Task prompt - Among the entries below, one line contains "甲高、幅広の方→「0.5cm大きめ」" and another contains "原礦朱泥全手工大紅袍小容量子怡石瓢紫砂壺100cc". Transcribe those two lines and every line between them, exactly.

Given information -
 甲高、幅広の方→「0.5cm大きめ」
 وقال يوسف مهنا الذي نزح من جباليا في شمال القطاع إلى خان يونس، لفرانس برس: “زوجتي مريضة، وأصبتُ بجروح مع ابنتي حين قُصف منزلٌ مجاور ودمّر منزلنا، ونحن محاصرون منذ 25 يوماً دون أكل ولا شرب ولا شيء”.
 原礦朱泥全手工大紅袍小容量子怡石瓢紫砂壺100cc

...

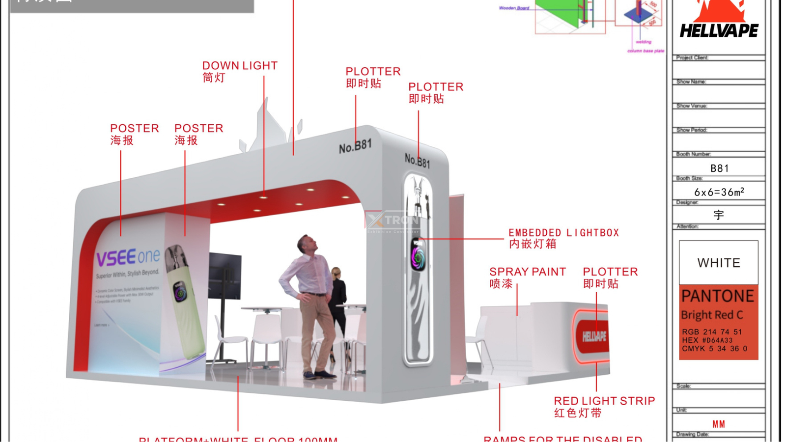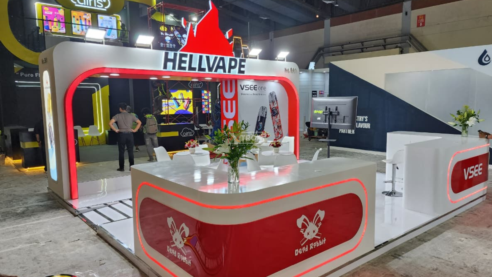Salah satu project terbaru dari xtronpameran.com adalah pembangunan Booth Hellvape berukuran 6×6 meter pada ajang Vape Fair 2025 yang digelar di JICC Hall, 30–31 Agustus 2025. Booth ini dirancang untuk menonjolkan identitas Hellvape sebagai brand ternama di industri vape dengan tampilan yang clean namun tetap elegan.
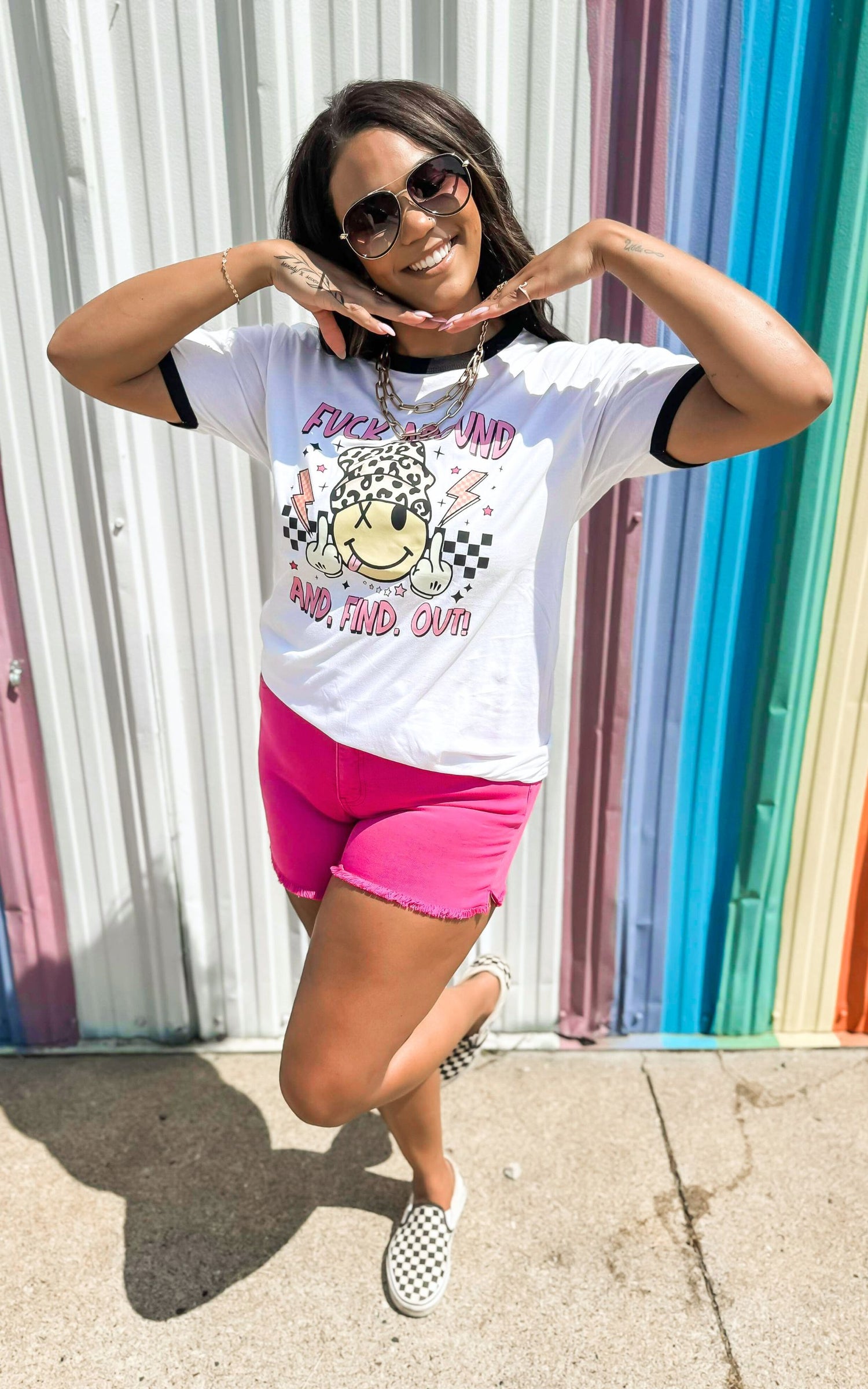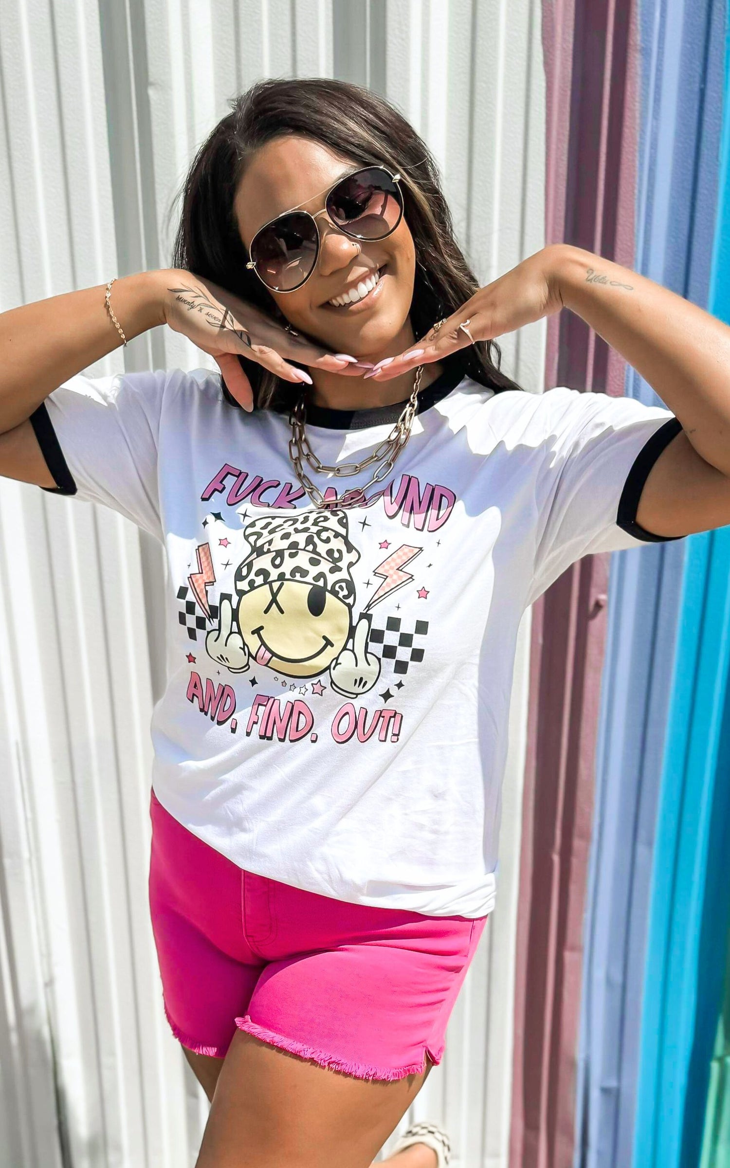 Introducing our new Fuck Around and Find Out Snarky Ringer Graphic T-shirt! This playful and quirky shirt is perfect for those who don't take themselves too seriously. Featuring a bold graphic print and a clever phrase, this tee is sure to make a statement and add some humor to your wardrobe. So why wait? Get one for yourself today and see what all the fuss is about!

Reply -
 甲高、幅広の方→「0.5cm大きめ」
 وقال يوسف مهنا الذي نزح من جباليا في شمال القطاع إلى خان يونس، لفرانس برس: “زوجتي مريضة، وأصبتُ بجروح مع ابنتي حين قُصف منزلٌ مجاور ودمّر منزلنا، ونحن محاصرون منذ 25 يوماً دون أكل ولا شرب ولا شيء”.
 原礦朱泥全手工大紅袍小容量子怡石瓢紫砂壺100cc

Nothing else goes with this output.